In the first season ofInside the Bricks, I focused on a neighborhood on the brink of a complete rebuild. The neighborhood was Woodhill Homes, on Cleveland's East Side.

As I was wrapping up that season, I started thinking about my own neighborhood, Gordon Square, on the other side of town. It, too, was going through some major changes. Not everything was being torn down and rebuilt, as at Woodhill Homes. But just walking or driving around, it seemed like every day I saw new “For Sale” signs in front of freshly flipped houses, going for five or six times what I'd paid for my house. A crane or backhoe rumbling to life on a newly fenced construction site.

I started to feel like I wanted to do in my neighborhood what I’d done in the first season: to take a step back and talk to real people, my own neighbors this time, about how they felt seeing the changes happening around them.

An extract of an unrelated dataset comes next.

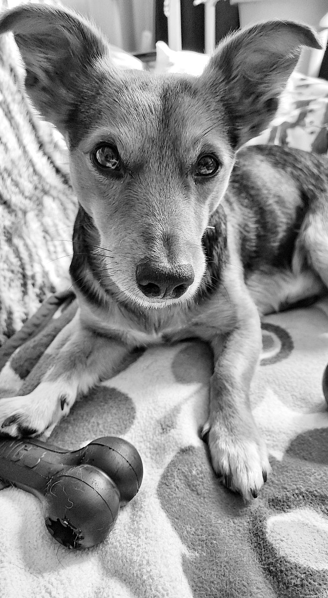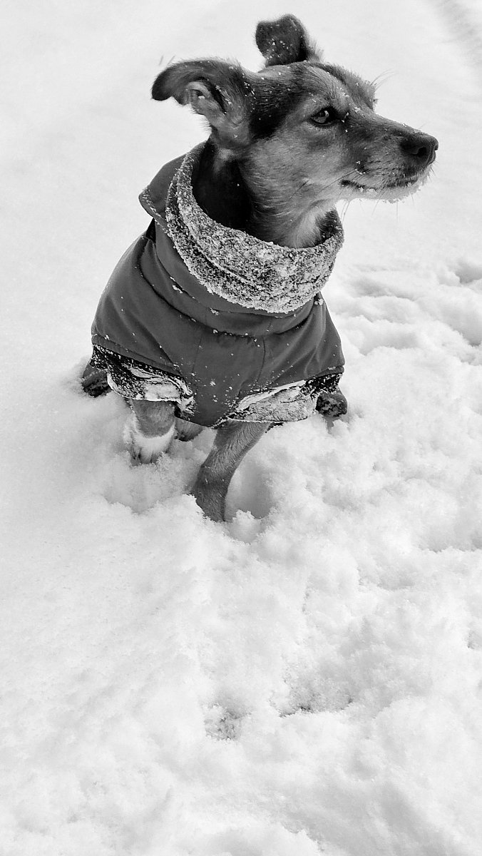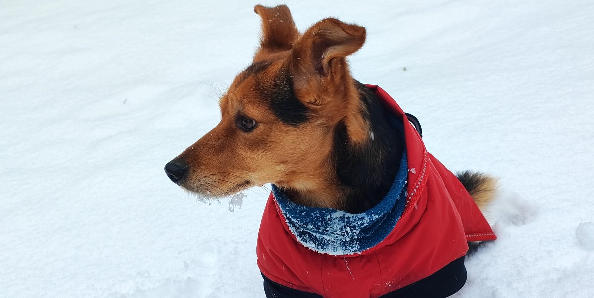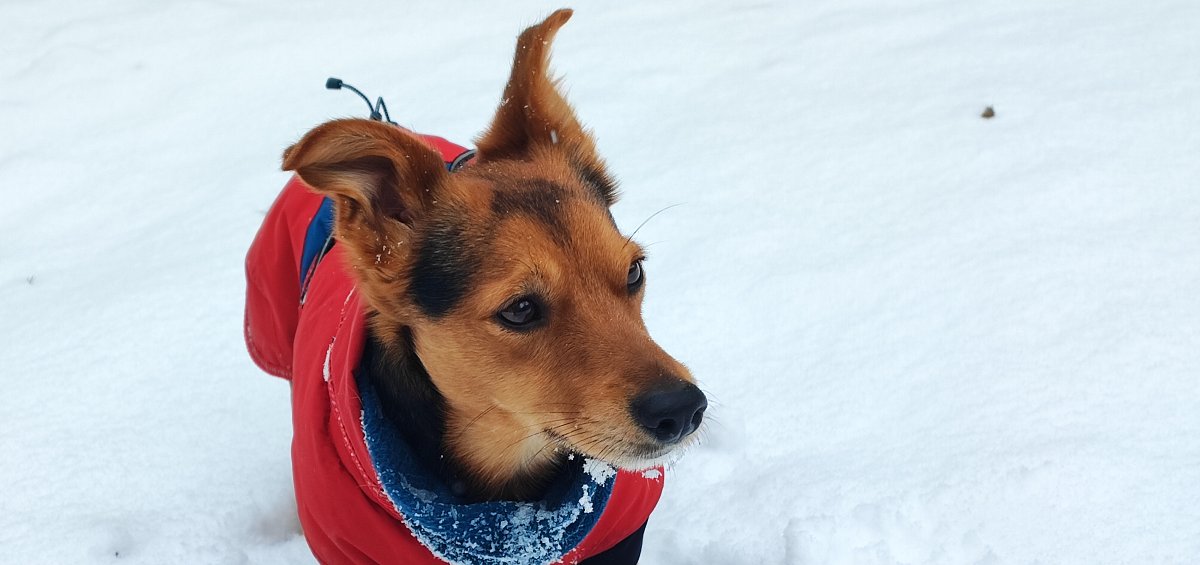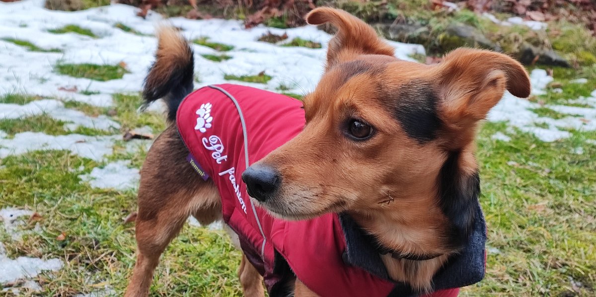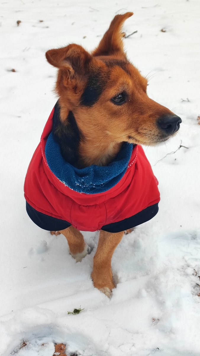Dnes to budou čtyři měsíce, co jsme spolu. Užili jsme si sníh - nosil téměř nový kabát po Robinovi, nosí po něm postroj. Má nový pelíšek, nový ještě jeden kabát na zimu, novou pláštěnku. Hračky má nerozbitné - kost a míček. Miluje, když mu míček házím. Měl nejdříve často průjmy, nyní má krůtí krmivo a zdá se, že už je to dobré. Měl i menší kožní problém, ale ten jsme zvládli. Je super, že si nechá ostříhat drápky a bez problémů ho položím na záda. Je na mě hodně závislý, špatně snáší, když jdu nakoupit, ale doma sám je hodný. Venku mi občas radostí skáče na nohy, jakoby mi chtěl říci, jsem šťastný, že tě mám.

My husband Ted and I love this neighborhood as it exists now. We wanted to live in a neighborhood where not everyone makes the same amount of money as we do (some have lower incomes, some way higher), or are white like we are or hold the same political beliefs as we do. For us, all that difference feels more like living in the real world. And frankly, being “different” ourselves — i.e., two men raising a kid — we just feel more comfortable in a place where all kinds of people are welcome.

In my experience, there aren’t many places in the world that feel that way. But it also feels like the welcoming atmosphere might not last much longer, if things continue the way they’re going. Is there any way to preserve the feeling of openness?

And, to take a step back, do my neighbors feel the same way I do, that this neighborhood is at an idyllic moment in its history? Maybe people from different backgrounds feel the neighborhood is going in the wrong direction. Or, conversely, that it still has to get even fancier or more expensive before it’ll be really great.

That’s some of what I want to explore in this series. And I hope, even if you live in a neighborhood completely unlike mine, the stories you’ll hear will make you think in new ways about where you live. And maybe even inspire you, in this time of social isolation that started even before the COVID-19 pandemic, to get to know your neighbors better, too.

We’ll be doing it by looking at a different house, building or spot in the neighborhood each episode. We’ll look behind the façade to the people who built it, live in it, use it – and have real conversations about why neighborhoods change and how that feels.

Welcome to "Inside the Bricks: My Changing Neighborhood. Episode 1: The house with the birdbath." Otherwise known as my house.

Justin Glanville is the deputy editor of engaged journalism at Ideastream Public Media.